THE FIRST WAVE TO
come, in the 1880s, did the lowest kind of labor, hauling dirt and lumber,
digging holes, plastering walls, hammering. No task was too hard. They could
walk for miles, their skin cured for generations by saltwater and sun, and if
cancers bubbled up on their forearms later maybe they would cut them off, maybe
not. Their eyes blazed with a disconcerting fire. They helped build the Peacock
Inn, the first hotel on the South Florida mainland, then the village of Coconut
Grove that went up around it.

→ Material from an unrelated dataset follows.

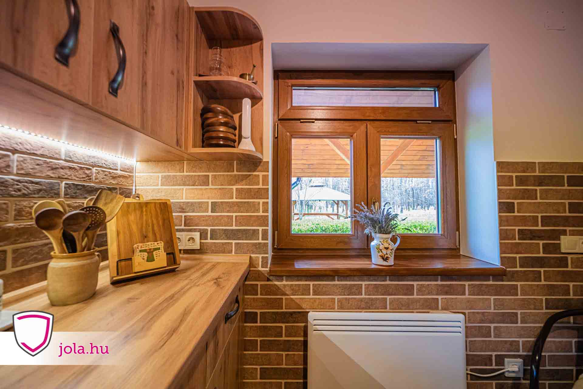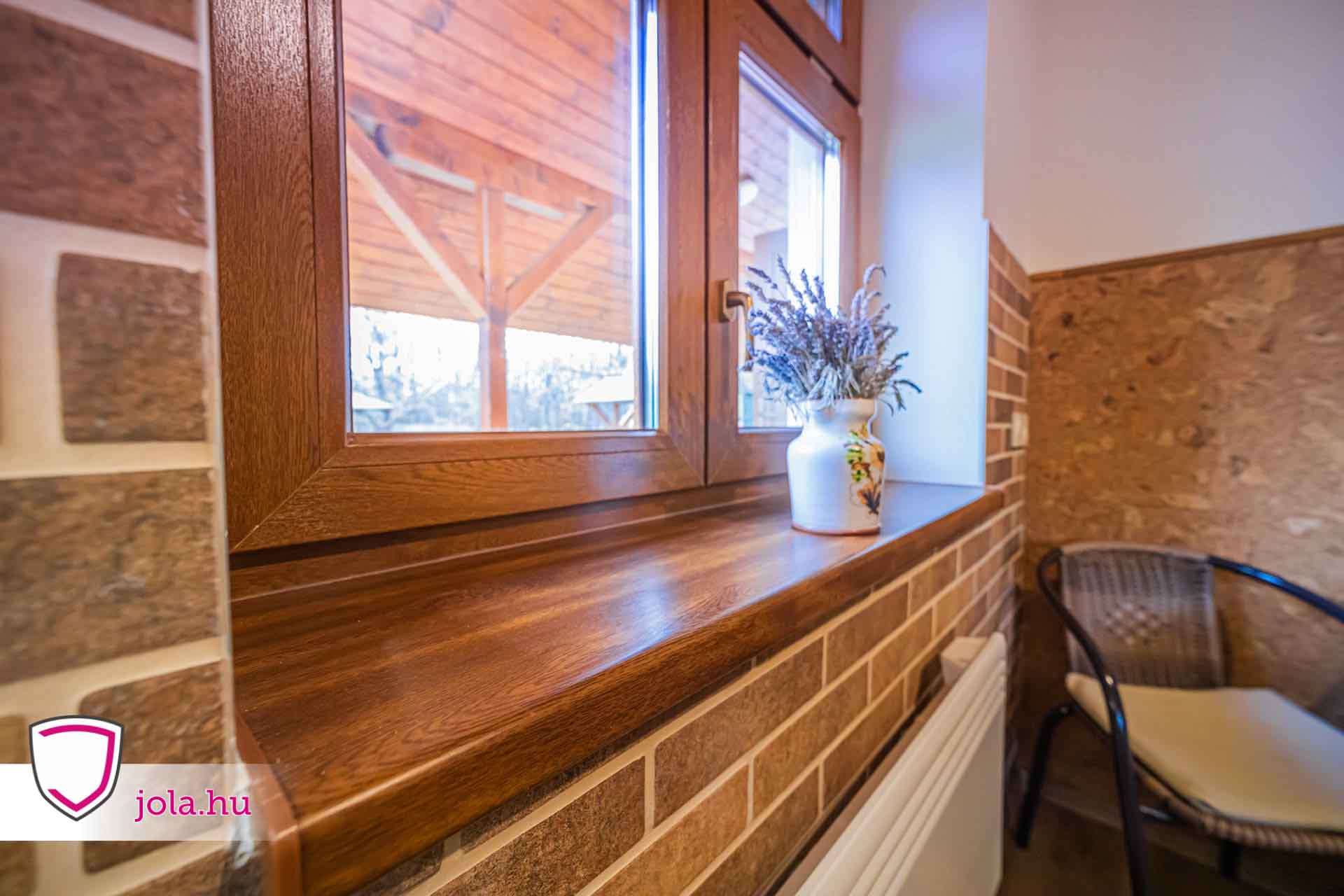 A ház kívül belül színes műanyag ablakokat kapott (Veka 76MD), 3 rétegű üvegezéssel (melegperemmel), 10 cm-es kőzetgyapot hőszigeteléssel, DÜFA CM 671 színnel (a lábazat 3105).

In the 1940s a new wave of them rushed in under a
U.S.- Bahamas agreement that is still known in the islands as the
Contract—migrants ranging up the coast of Florida to pick beans, okra, mangoes
and avocados, to ruin their backs and suffer the scars from cutting cane.
TALLAHASSEE, FEB.
4, 2006—Myron Rolle, a defensive back from New Jersey who was rated the No. 1
recruit in the nation by ESPN.com, said that he had received a text message
from Florida governor Jeb Bush on his recruiting trip to Florida State in
November. " Myron Rolle is a fantastic scholar-athlete from New Jersey [who]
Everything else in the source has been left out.